----- Raw data

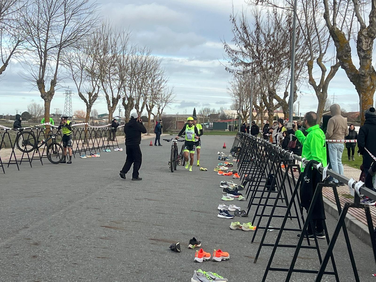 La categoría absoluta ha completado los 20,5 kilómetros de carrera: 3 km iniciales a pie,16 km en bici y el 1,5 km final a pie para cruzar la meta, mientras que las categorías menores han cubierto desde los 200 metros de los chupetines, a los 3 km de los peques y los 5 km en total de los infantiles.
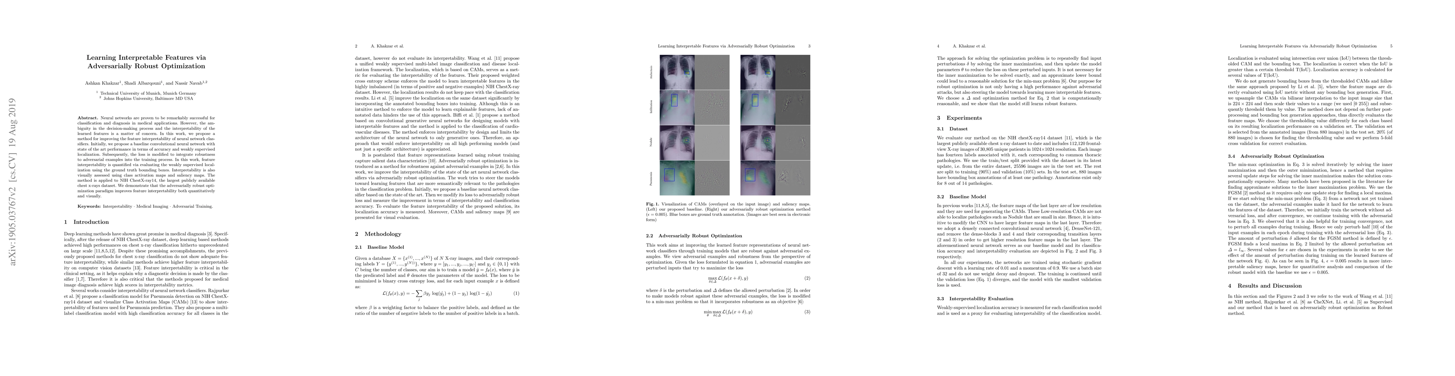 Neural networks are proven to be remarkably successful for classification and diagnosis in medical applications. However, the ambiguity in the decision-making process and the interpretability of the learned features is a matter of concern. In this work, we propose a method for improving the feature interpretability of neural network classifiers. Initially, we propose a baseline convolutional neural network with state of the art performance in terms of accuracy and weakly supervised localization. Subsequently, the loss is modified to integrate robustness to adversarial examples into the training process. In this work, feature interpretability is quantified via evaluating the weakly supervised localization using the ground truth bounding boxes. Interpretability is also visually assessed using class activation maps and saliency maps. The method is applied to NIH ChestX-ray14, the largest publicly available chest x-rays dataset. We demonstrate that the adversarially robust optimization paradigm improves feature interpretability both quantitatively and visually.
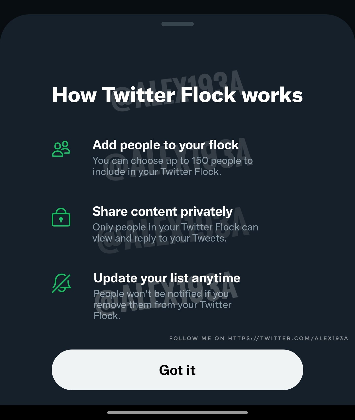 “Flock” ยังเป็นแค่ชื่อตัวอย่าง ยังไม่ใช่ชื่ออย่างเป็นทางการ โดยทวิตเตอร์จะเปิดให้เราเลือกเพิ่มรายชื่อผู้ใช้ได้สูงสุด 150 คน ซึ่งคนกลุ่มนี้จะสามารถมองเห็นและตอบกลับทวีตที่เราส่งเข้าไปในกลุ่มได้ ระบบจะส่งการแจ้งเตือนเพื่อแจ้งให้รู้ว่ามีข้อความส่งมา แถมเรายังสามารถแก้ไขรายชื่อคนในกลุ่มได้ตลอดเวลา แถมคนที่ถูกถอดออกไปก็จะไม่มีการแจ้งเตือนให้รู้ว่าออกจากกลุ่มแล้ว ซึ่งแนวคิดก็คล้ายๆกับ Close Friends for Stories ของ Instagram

----------

Problem statement -
Print the whole listing exactly. No pictures belong in the copy.

Result of this task -
 La categoría absoluta ha completado los 20,5 kilómetros de carrera: 3 km iniciales a pie,16 km en bici y el 1,5 km final a pie para cruzar la meta, mientras que las categorías menores han cubierto desde los 200 metros de los chupetines, a los 3 km de los peques y los 5 km en total de los infantiles.
 Neural networks are proven to be remarkably successful for classification and diagnosis in medical applications. However, the ambiguity in the decision-making process and the interpretability of the learned features is a matter of concern. In this work, we propose a method for improving the feature interpretability of neural network classifiers. Initially, we propose a baseline convolutional neural network with state of the art performance in terms of accuracy and weakly supervised localization. Subsequently, the loss is modified to integrate robustness to adversarial examples into the training process. In this work, feature interpretability is quantified via evaluating the weakly supervised localization using the ground truth bounding boxes. Interpretability is also visually assessed using class activation maps and saliency maps. The method is applied to NIH ChestX-ray14, the largest publicly available chest x-rays dataset. We demonstrate that the adversarially robust optimization paradigm improves feature interpretability both quantitatively and visually.
 “Flock” ยังเป็นแค่ชื่อตัวอย่าง ยังไม่ใช่ชื่ออย่างเป็นทางการ โดยทวิตเตอร์จะเปิดให้เราเลือกเพิ่มรายชื่อผู้ใช้ได้สูงสุด 150 คน ซึ่งคนกลุ่มนี้จะสามารถมองเห็นและตอบกลับทวีตที่เราส่งเข้าไปในกลุ่มได้ ระบบจะส่งการแจ้งเตือนเพื่อแจ้งให้รู้ว่ามีข้อความส่งมา แถมเรายังสามารถแก้ไขรายชื่อคนในกลุ่มได้ตลอดเวลา แถมคนที่ถูกถอดออกไปก็จะไม่มีการแจ้งเตือนให้รู้ว่าออกจากกลุ่มแล้ว ซึ่งแนวคิดก็คล้ายๆกับ Close Friends for Stories ของ Instagram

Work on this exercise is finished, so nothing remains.